Beijo fora do roteiro foi um ato de Milton em novela contra o racismo
Parceira de cena teve gesto nobre ao saber que o ator era cobrado por seu personagem nunca ter beijado a esposa branca
‘Baila Comigo’ foi uma novela das 8 exibida na Globo em 1981, escrita por Manoel Carlos. O agora saudoso Milton Gonçalves, falecido aos 88 anos, interpretava Otto, que se casava com uma viúva com dois filhos, Letícia, papel de Beatriz Lyra, hoje com 92 anos e afastada dos estúdios.
Na época, não era comum ver um casal interracial nas tramas. Menos ainda que tivessem alguma intimidade em cena. Precursor entre os negros na TV, o ator ouvia comentários que o deixavam incomodado.
“Tanto os negros quanto os brancos me diziam: ‘Você é casado com uma branca na novela, mas ela não te beija na boca. De que adianta?’”, relatou ao jornal ‘Extra’, anos atrás.
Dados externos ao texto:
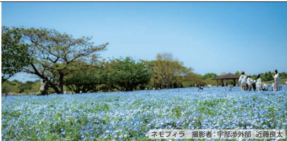
ネモフィラ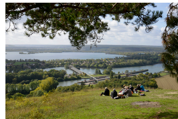
2019-08_Randonnée Cote des 2 amants 12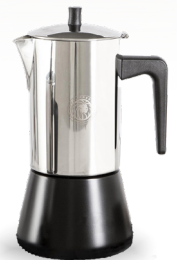
Royal Prestige® Espresso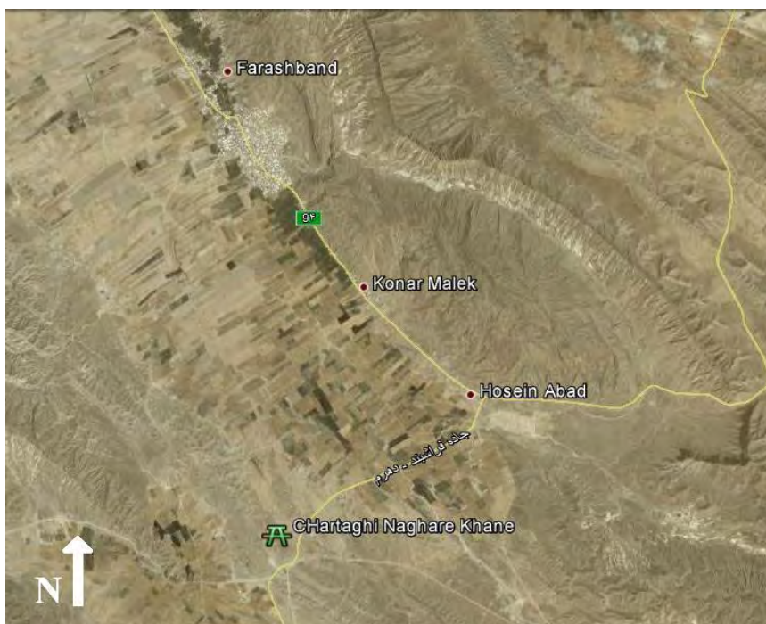
تصویر ۲: نحوه دسترسی و موقعیت قرارگیری چهارطاقی نسبت به شهر فراشبند.

Ao saber de tal cobrança, Beatriz Lyra decidiu agir sem contar nada a ninguém. “Numa cena, Beatriz me puxou e me deu um beijo na boca, sem língua, mas com muito afeto. Todo mundo no estúdio ficou olhando, assustado, porque não estava previsto (no roteiro).”
Aquele gesto de amor entre um negro e uma branca (e de extrema cumplicidade de uma atriz com seu colega de ofício), no horário nobre da Globo, deu relevante contribuição para o combate ao racismo. Mas cobrou seu preço.
Nos dias seguintes, quando saiu às ruas, Beatriz Lyra foi criticada e até hostilizada por ter beijado Milton Gonçalves. Algo semelhante aconteceu com o galã Marcos Paulo quando ele formou par romântico com a diva negra Zezé Motta em ‘Corpo a Corpo’, de 1985.
A discriminação racial ainda é um dos maiores problemas sociais do Brasil. As novelas que tiveram casais interraciais ajudaram a combater o preconceito por meio da discussão do tema.